To do>
Make an exact copy, from the records below, of the lines from the line containing "Sombrero Adobe Orange Coneflower in bloom" to the line containing "was a great", both lines included, excluding pictures.
Top of Source data
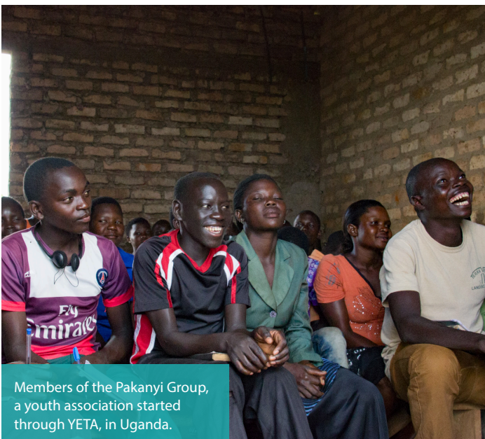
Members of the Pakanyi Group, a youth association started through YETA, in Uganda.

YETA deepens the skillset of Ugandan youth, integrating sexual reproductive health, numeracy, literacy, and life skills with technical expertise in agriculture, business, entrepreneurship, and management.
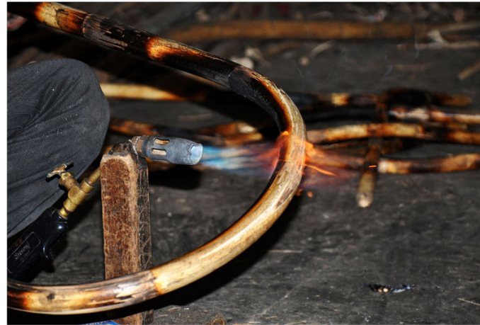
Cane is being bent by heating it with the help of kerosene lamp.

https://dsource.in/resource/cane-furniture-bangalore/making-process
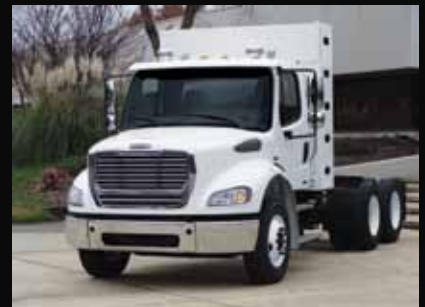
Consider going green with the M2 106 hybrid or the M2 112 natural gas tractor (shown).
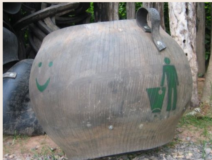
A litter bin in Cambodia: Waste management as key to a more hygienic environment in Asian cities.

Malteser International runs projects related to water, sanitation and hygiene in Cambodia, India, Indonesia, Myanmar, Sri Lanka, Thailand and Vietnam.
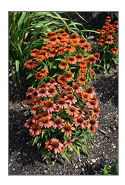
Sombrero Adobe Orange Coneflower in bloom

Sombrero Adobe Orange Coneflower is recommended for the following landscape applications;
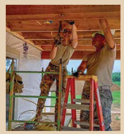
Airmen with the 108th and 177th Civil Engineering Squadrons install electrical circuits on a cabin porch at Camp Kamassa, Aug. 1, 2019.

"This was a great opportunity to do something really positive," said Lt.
Bottom of Source data
Top of Source data
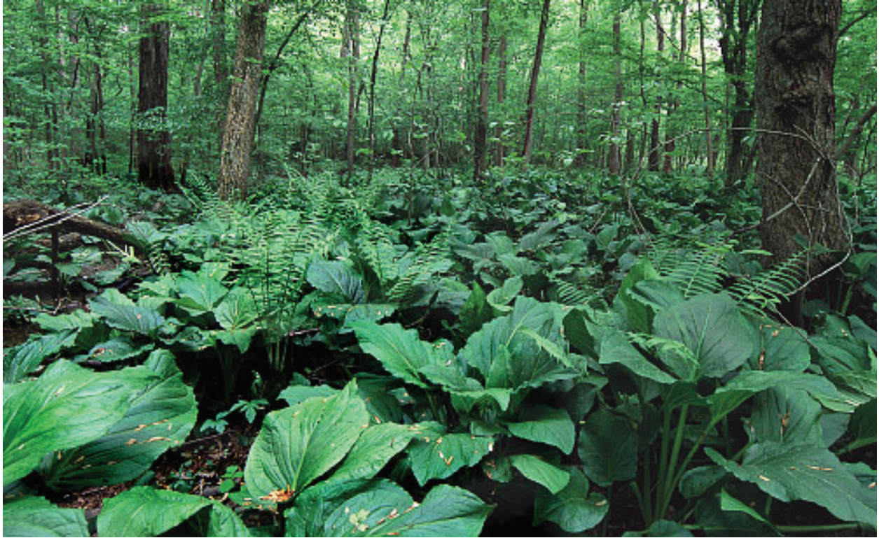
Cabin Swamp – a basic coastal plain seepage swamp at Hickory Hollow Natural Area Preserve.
Bottom of Source data
Response to this task>
Sombrero Adobe Orange Coneflower in bloom

Sombrero Adobe Orange Coneflower is recommended for the following landscape applications;
Airmen with the 108th and 177th Civil Engineering Squadrons install electrical circuits on a cabin porch at Camp Kamassa, Aug. 1, 2019.

"This was a great opportunity to do something really positive," said Lt.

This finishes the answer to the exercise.